Hard to tell with twitters crap video quality but #bassClarinetXmasLights diffuser cases are looking good (dad 3D printed the sides and base then cut milk bottle plastic up to use for the diffuse part) pic.twitter.com/j2QXgxzxV1— Charlotte Godley (@charwarz) November 17, 2019
Things were finally coming together.
Bari sax build
I felt that the bass clarinet lights were pretty much done at this point so I moved on to the easier build for my baritone sax. Turns out you can use up 2m of LEDs quite easily given the size of the instrument:
There’s not as much to note here on this build - I pretty much just needed to solder a 3 wire JST connector to the other board and I was done. To make sure it all played nicely though, I did test out the strip to Lana Del Rey:
I did attempt to do a bluetooth connection to my phone to see if I could control it and/or allow me to turn it off should it be annoying to people, but I could never get this to work despite using the official Adafruit app and sketch. Next year’s job.

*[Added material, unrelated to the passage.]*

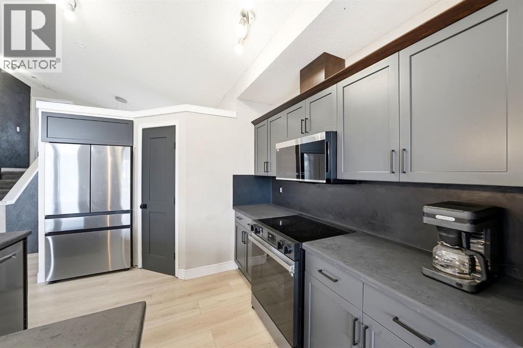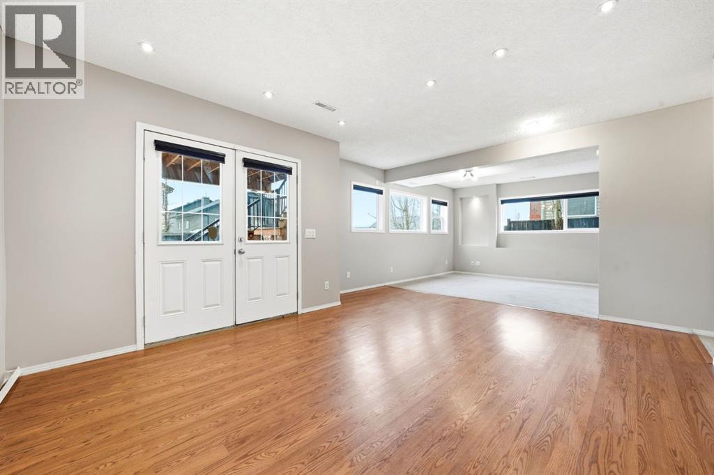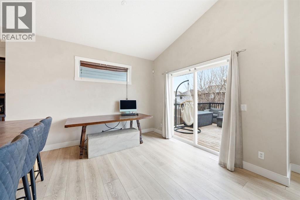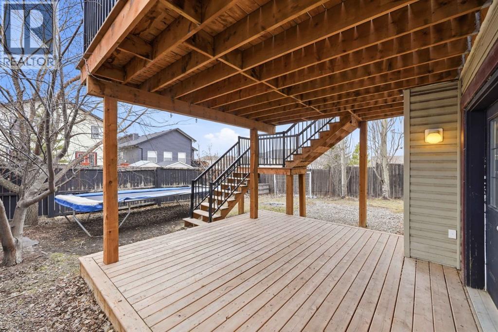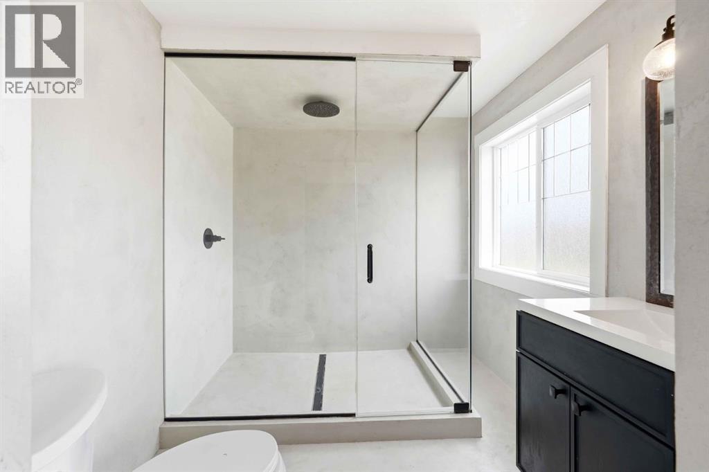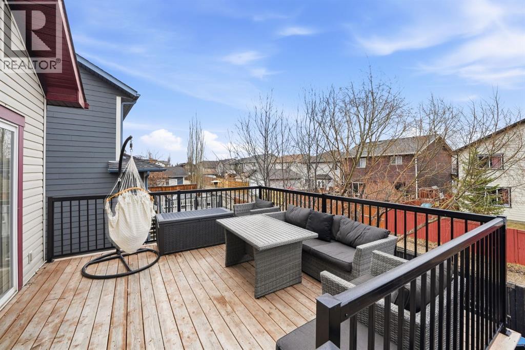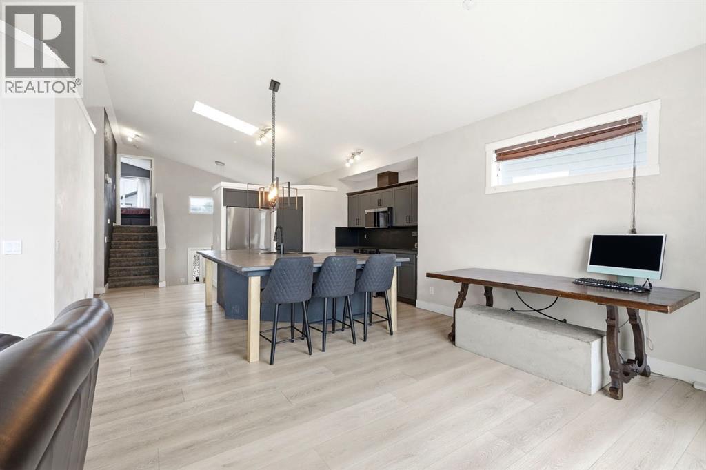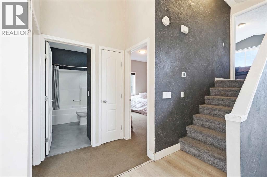 Welcome to this beautifully updated modified bi-level offering over 2,500 sq ft of developed living space in the established community of Thorburn in Airdrie, perfectly blending style, function, and location on a quiet close in a highly desirable neighbourhood.Step inside to a spacious foyer with soaring vaulted ceilings that continue throughout the entire home, creating an airy, open feel paired with luxury vinyl plank flooring completed in recent updates. The main level opens into a bright, open-concept living space designed for everyday living and entertaining. The recently updated kitchen features a massive microcement countertop and matching backsplash, flowing seamlessly into the south-facing dining area and spacious living room filled with natural light. From the kitchen, step out onto a large elevated deck with stair access to the walk-out basement and backyard, creating excellent indoor-outdoor flow perfect for hosting, gatherings, and summer enjoyment. The living room is anchored by a striking Venetian plaster feature wall with custom niche, while Venetian plaster detailing continues throughout the main level.This level offers two generously sized bedrooms and a recently renovated 4-piece bathroom, fully finished in sleek microcement for a clean, refined, modern look.The primary suite is located on its own upper level, providing privacy and separation from the main living space. It includes a walk-in closet and a fully updated 3-piece ensuite finished entirely in microcement, creating a tranquil, spa-like feel.The fully developed walk-out basement expands the home’s living space with two additional bedrooms, a large recreation room, and a dedicated family room featuring another Venetian plaster feature wall. A third updated 4-piece bathroom, convenient basement laundry, and fresh paint throughout complete this level.Additional features include central air conditioning and a functional layout suited for modern family living. The heated double attac hed garage adds comfort and convenience.Step outside to a private backyard with direct access from the walk-out level, ideal for entertaining or relaxing, with plenty of space for kids, pets, or summer evenings outdoors.Located close to parks, playgrounds, and pathways, and within walking distance to Good Shepherd School, Meadowbrook Middle School, and Bert Church High School, as well as nearby Genesis Place, East Lake Park, and shopping amenities, this home offers exceptional convenience. Everyday essentials, recreation, and commuting routes are all easily accessible, making this an ideal location for families seeking both lifestyle and practicality in one.A rare opportunity to own a beautifully reimagined, design-forward home in one of Airdrie’s most sought-after communities! (id:54406)

Again, I wanted the LEDs to be diffuse. I’m not sure whether I actually liked the resulting effect here, but my assumption when “building” the diffuser was the steps would be simple:
- Get baking paper
- Stick one sheet of baking paper to LED strip using tape
Turns out waxed paper (which is what baking paper is) doesn’t play well with sellotape or plastic, so what I ended up doing was wrapping several layers around it tight and then kind of tension taping it all together:
1.5 hrs till gig and I’m wrapping an LED strip in baking paper - pro tip, your project isn’t finished until it’s *actually* finished pic.twitter.com/N5BiUdqez3— Charlotte Godley (@charwarz) December 7, 2019
Playing the gig
Here’s the final tweet from my gig (photo 1 taken after assembling my instruments and sticking copious amounts of velcro on, photo 2 taken after completing the gig):
Overall, gig went really well - we were playing half disney, half christmas music this year so everyone knew the tunes and despite me spending far more time building my decorations than actually practicing, the reception was good from band members and audience members alike. The lights probably went down better with my bandies than audience (you can’t fully see the lights because I was bang in the middle, which given we were playing in a theatre meant that the lights had the most intensity directly over me), but whatever. It was fun.
My boyfriend suggested next year we do pyrotechnics (I’m thinking flame thrower in the bell), but apart from that, what I hope to do next year is
- Hook up cheerlights to one or the other
- Hook up my phone and have multiple patterns/options loaded onto the microcontroller to allow me to change what’s playing
If I get bored/achieve one or both of those, maybe I’ll get back to adding a microphone and doing all the physics shit for colour changing. I doubt it.
At work now there are hackdays once a month (I’ve changed job again), so I’m hoping at the first hackday I can bring the lot in and work on the first point, to exemplify that you can work on stuff that’s not directly related to work.